An end-to-end data lineage tool
Project description
Stairlight
An end-to-end data lineage tool, detects table dependencies by SQL SELECT statements.
Supported Data Sources
Data Source | Remarks |
---|---|
Local file system | With Python Pathlib module |
Amazon S3 | |
Google Cloud Storage | Also available for Google Cloud Composer |
dbt - Google BigQuery | Using dbt compile command internally |
Redash |
Installation
This package is distributed on PyPI.
# The base package is for local file system only.
$ pip install stairlight
# Set extras when detecting from other data sources.

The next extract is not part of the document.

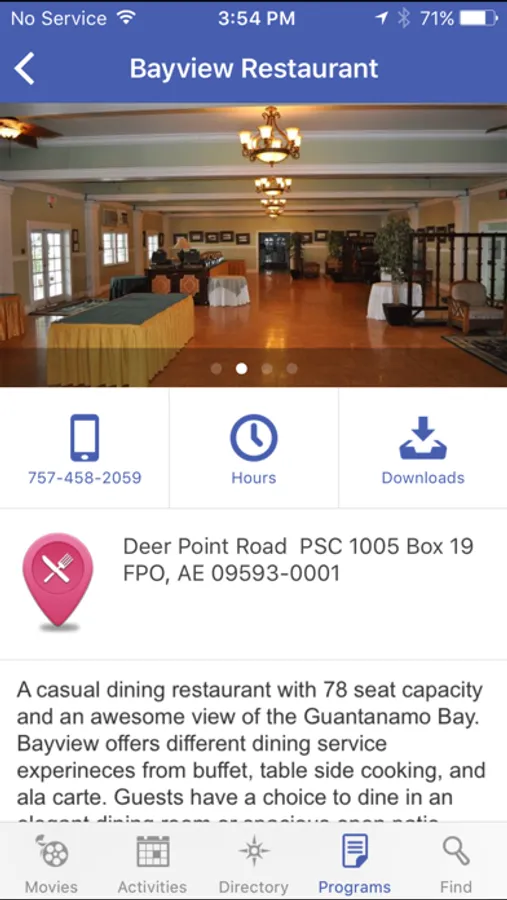View services, programs and activities for MWR Guantanamo Bay including hours of facilities, locations and GPS coordinates, description of services, and even call facilities directly from your phone. You can even browse for activities and classes. Find out what’s happening with current and upcoming events, local job announcements, notifications and alerts on special happenings, or MWR news.

# e.g. Amazon S3 and Google Cloud Storage
$ pip install "stairlight[s3, gcs]"
Data Source | TemplateSourceType | Extra |
---|---|---|
Local file system | File | - |
Amazon S3 | S3 | s3 |
Google Cloud Storage | GCS | gcs |
dbt - Google Bigquery | dbt | dbt-bigquery |
Redash | Redash | redash |
Getting Started
There are 3 steps to use.
# Step 1: Initialize and set data location settings
$ stairlight init
'./stairlight.yaml' has created.
Please edit it to set your data sources.
# Step 2: Map your SQL statements and tables, and add metadata
$ stairlight map
'./mapping_yyyyMMddhhmmss.yaml' has created.
Please map undefined tables and parameters, and append to your latest configuration file.
# Step 3: Get a table dependency map
$ stairlight
Description
Input
- SQL SELECT statements
- Configuration YAML files
- stairlight.yaml: SQL statements locations and include/exclude conditions.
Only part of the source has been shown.